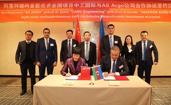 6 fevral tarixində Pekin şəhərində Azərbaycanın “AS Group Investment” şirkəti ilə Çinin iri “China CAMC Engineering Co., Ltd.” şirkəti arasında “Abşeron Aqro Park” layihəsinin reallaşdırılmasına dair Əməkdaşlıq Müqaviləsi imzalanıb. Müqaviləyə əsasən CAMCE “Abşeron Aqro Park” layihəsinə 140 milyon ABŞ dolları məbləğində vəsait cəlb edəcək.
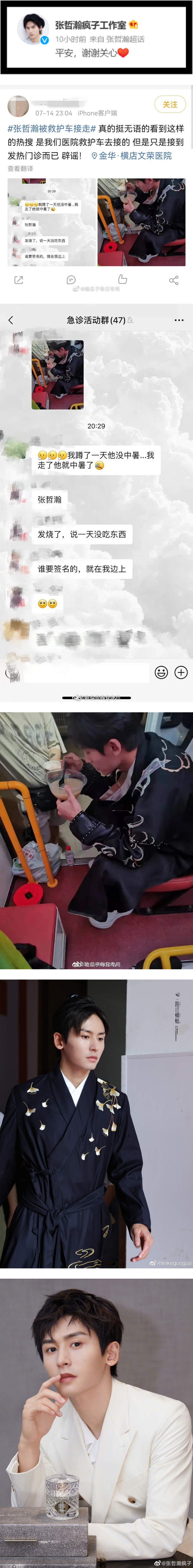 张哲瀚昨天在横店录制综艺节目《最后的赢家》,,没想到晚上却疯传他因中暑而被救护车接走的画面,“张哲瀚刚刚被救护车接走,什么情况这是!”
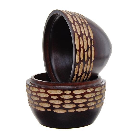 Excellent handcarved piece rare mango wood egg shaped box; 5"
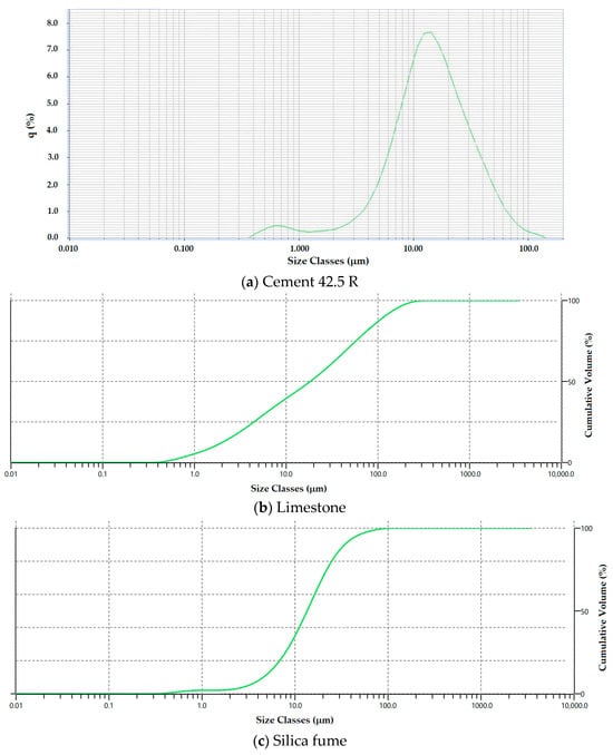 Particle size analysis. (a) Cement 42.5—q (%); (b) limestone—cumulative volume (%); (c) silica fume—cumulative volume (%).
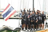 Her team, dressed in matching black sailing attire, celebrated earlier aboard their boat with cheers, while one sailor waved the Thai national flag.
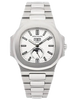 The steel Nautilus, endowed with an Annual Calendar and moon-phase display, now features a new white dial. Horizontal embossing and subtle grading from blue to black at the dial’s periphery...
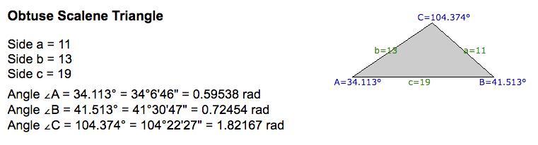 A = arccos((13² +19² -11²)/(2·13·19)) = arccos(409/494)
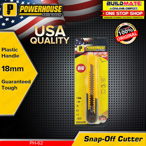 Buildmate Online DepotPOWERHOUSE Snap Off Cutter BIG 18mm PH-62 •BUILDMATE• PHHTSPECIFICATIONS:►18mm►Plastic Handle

---

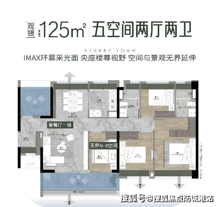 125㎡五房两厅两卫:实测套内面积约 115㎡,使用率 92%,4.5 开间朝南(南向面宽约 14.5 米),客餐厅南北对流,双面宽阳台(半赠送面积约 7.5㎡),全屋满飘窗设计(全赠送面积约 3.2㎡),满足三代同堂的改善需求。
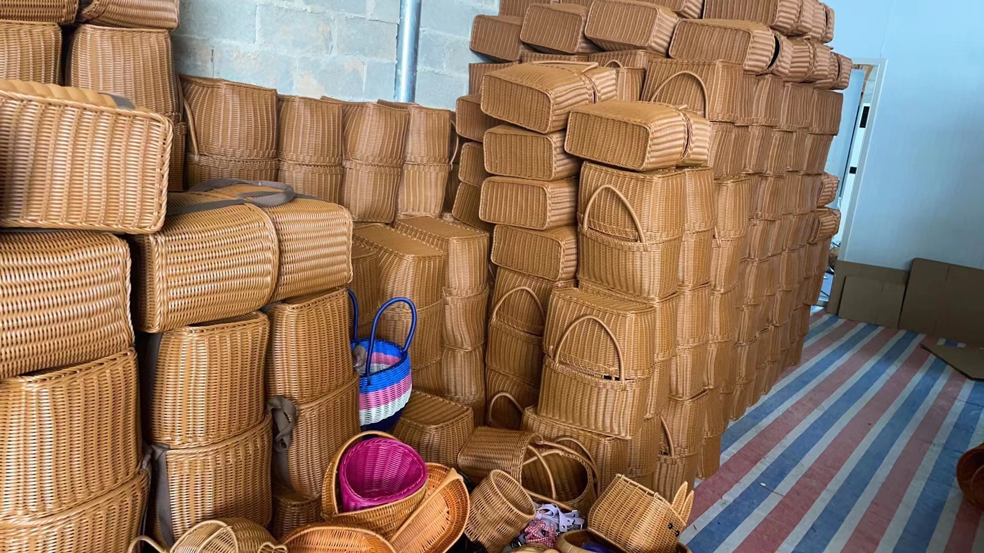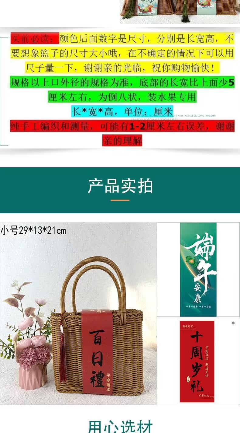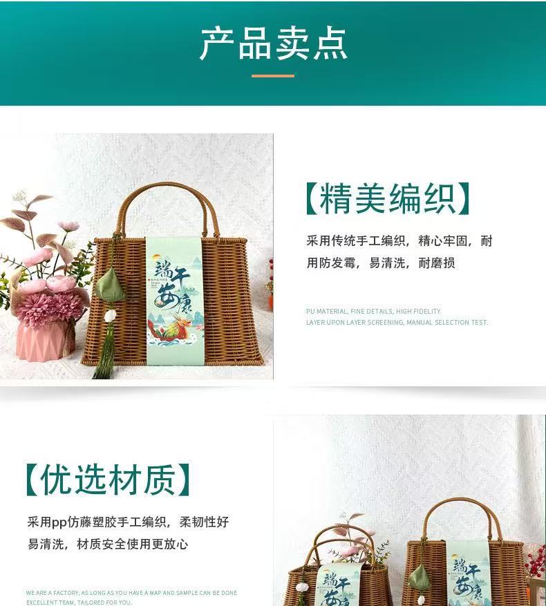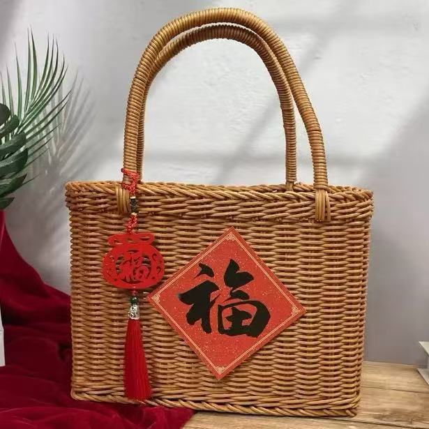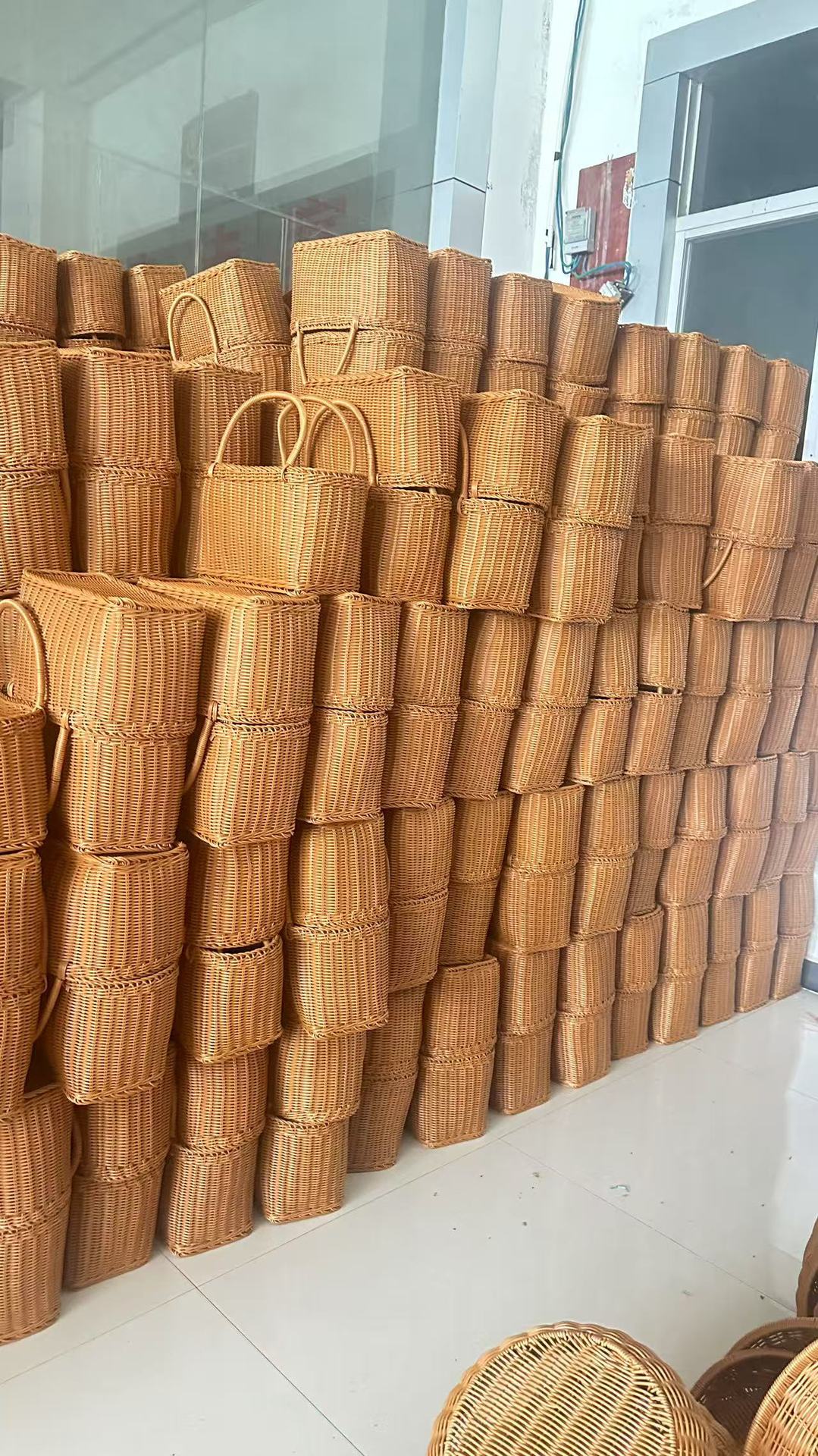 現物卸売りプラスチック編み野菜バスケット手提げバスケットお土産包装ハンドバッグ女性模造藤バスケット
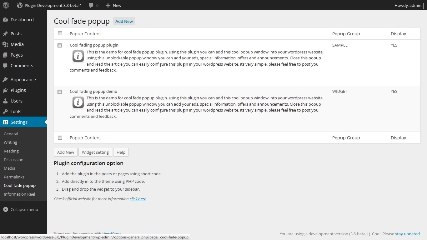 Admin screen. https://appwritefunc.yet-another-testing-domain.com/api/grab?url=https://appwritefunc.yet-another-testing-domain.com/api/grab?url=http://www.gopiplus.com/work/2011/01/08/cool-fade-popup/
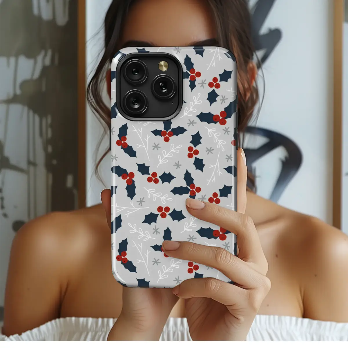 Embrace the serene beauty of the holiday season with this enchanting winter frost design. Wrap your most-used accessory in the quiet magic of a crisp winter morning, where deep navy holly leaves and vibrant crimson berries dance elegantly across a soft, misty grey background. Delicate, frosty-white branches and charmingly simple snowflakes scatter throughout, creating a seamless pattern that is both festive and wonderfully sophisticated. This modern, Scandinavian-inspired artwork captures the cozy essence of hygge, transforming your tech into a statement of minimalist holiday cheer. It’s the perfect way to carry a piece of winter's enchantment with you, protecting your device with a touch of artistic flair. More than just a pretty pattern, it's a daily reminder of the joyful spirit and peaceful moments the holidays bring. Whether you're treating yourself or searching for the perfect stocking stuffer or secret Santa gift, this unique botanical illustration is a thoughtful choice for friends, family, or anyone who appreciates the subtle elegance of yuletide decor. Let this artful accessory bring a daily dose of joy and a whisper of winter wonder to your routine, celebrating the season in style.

...

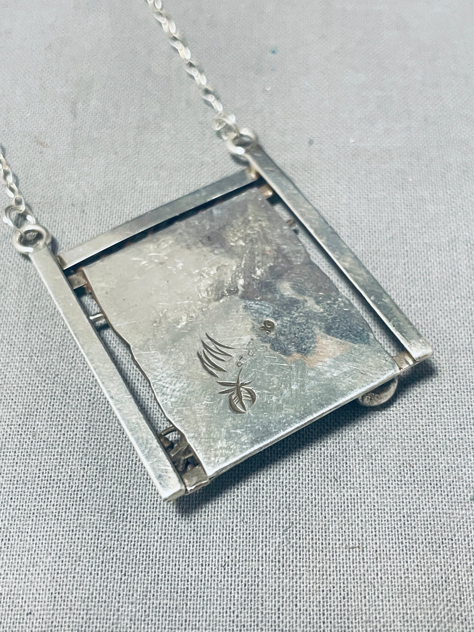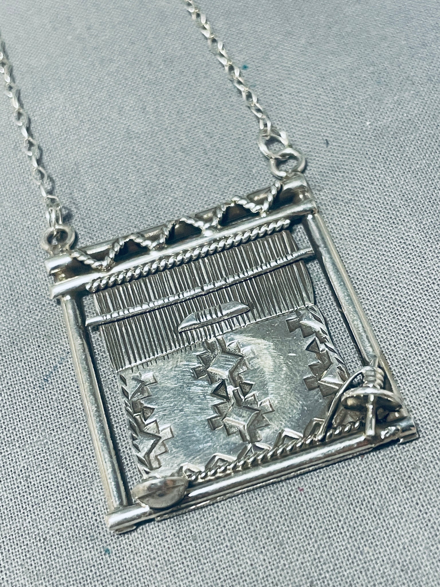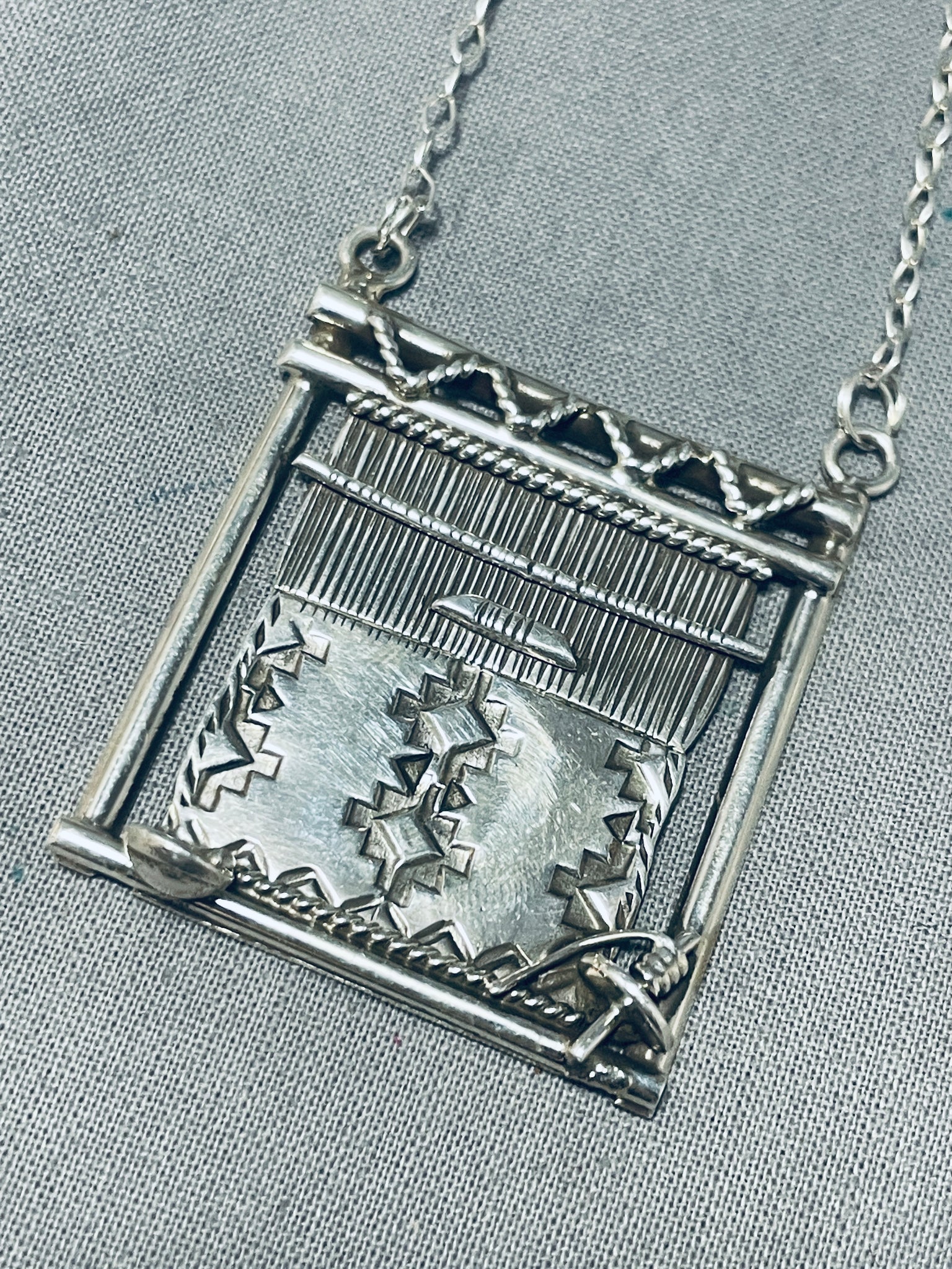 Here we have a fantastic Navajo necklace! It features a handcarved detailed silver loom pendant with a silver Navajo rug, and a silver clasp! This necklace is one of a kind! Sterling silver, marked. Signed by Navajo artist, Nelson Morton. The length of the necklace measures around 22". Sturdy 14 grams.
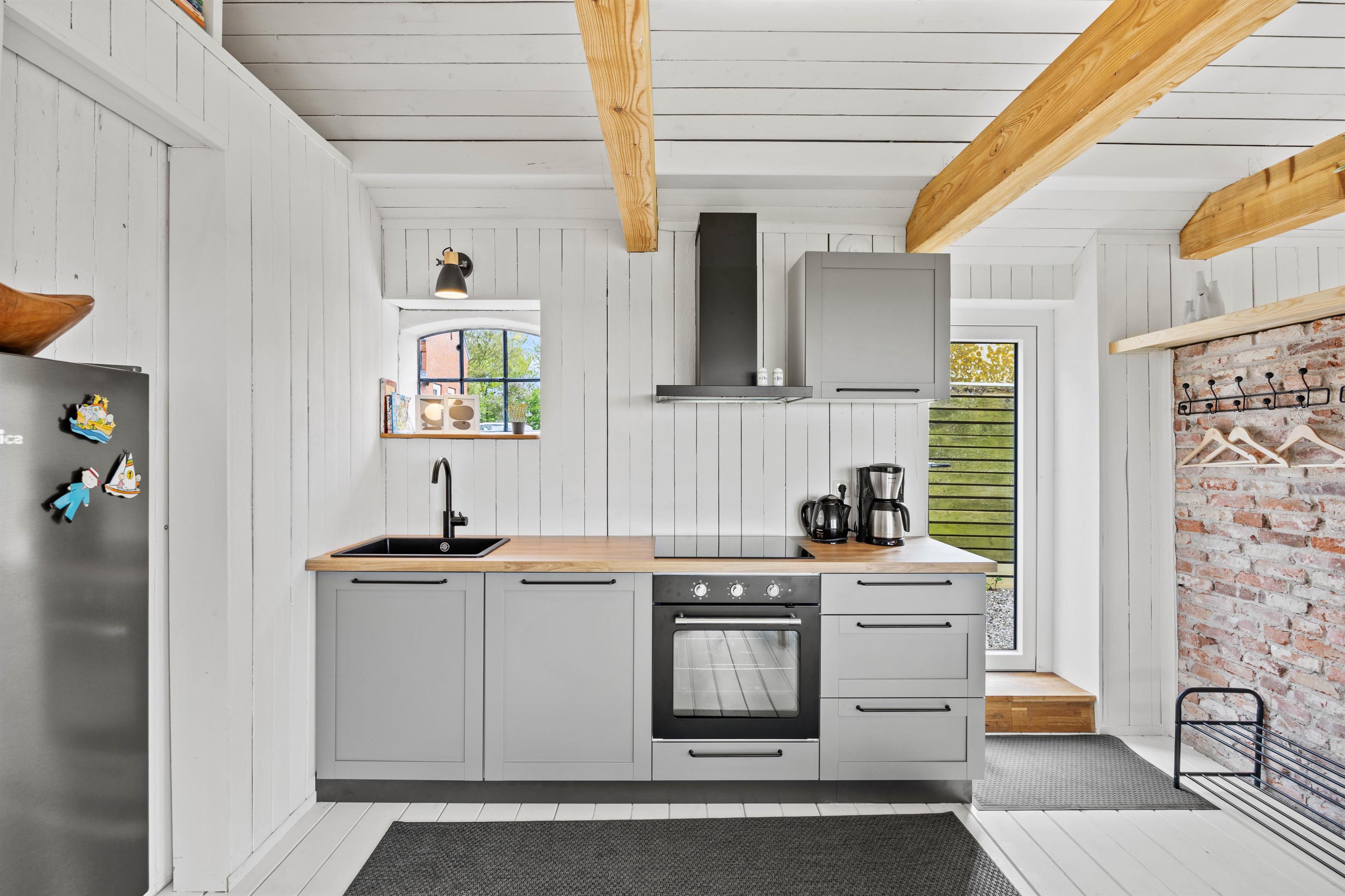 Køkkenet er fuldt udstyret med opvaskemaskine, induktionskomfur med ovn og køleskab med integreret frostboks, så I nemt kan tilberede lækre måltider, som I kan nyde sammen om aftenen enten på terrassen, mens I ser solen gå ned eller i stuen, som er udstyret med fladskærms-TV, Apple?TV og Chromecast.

Try it = Treat the line with "A = arccos((13²" as the start and the line with "Buildmate Online DepotPOWERHOUSE" as the end, and return exactly that span of the data above, both ends included, without pictures.

Task output =
 A = arccos((13² +19² -11²)/(2·13·19)) = arccos(409/494)
 Buildmate Online DepotPOWERHOUSE Snap Off Cutter BIG 18mm PH-62 •BUILDMATE• PHHTSPECIFICATIONS:►18mm►Plastic Handle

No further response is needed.